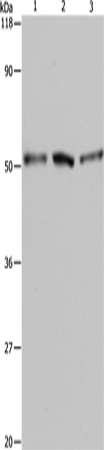 Western Blot analysis of A549, Hela and 293T cell using BAG5 Polyclonal Antibody at dilution of 1:500
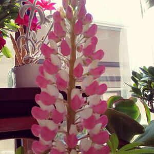 こんにちは(^_^)v 窓辺のルピナス(ピンク)ほぼ満開なので皆さんにお披露目です。✌
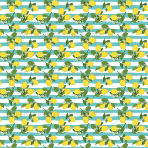 Fruit Collection: Yellow lemons with their white flowers and green leaves on an aqua blue striped background.
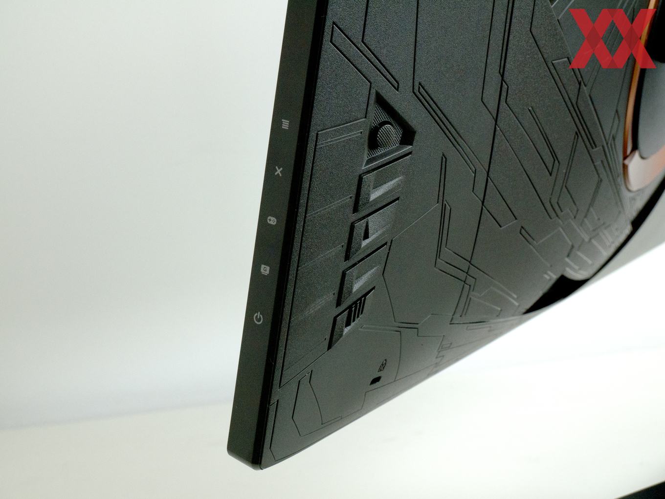 Der PG258Q bietet auf der Front eine sehr saubere Optik. Wie so oft muss aber gerade die mit einigen Kompromissen erkauft werden. Das zeigt sich bereits bei einem Blick auf den Rahmen, denn die Beschriftung ist auf die Außenseite gerutscht. Wer vor seinem Monitor sitzt, hat davon aber herzlich wenig, denn zu sehen ist dann nichts. Keineswegs besser ist es da, dass die Tasten auf der Rückseite platziert wurden.
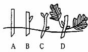 图示扦插的四种葡萄枝条,其中最易成活的是 ( )
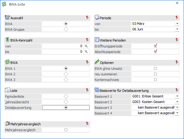 Es kann entschieden werden, für welche BWA die Auswertung erfolgen soll.
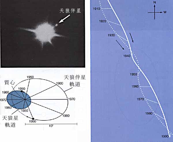 左 上 圖 : 天 狼 雙 星 在 原 來 被 歸 類 為 天 文 雙 星 (astrometric binary), 1960年 ,天 文 學 家 拍 得 這 張 照 片 後 , 重 新 歸 類 成 目 視 雙 星 系 統 左 下 圖 : 天 狼 雙 星 相 對 於 其 質 心 的 軌 道 。 右 圖 : 天 狼 主 星 (實 線) 與 天 狼 伴 星 (虛 線), 在 天 空 運 行 的 軌 跡 。

---*---

Problem to work on —
Begin with the first line of the records and repeat every line up to the one with "图示扦插的四种葡萄枝条,其中最易成活的是 ( )", counting that line too. Pictures are not part of the copy.

Solution for this problem —
 Western Blot analysis of A549, Hela and 293T cell using BAG5 Polyclonal Antibody at dilution of 1:500
 こんにちは(^_^)v 窓辺のルピナス(ピンク)ほぼ満開なので皆さんにお披露目です。✌
 Fruit Collection: Yellow lemons with their white flowers and green leaves on an aqua blue striped background.
 Der PG258Q bietet auf der Front eine sehr saubere Optik. Wie so oft muss aber gerade die mit einigen Kompromissen erkauft werden. Das zeigt sich bereits bei einem Blick auf den Rahmen, denn die Beschriftung ist auf die Außenseite gerutscht. Wer vor seinem Monitor sitzt, hat davon aber herzlich wenig, denn zu sehen ist dann nichts. Keineswegs besser ist es da, dass die Tasten auf der Rückseite platziert wurden.
 图示扦插的四种葡萄枝条,其中最易成活的是 ( )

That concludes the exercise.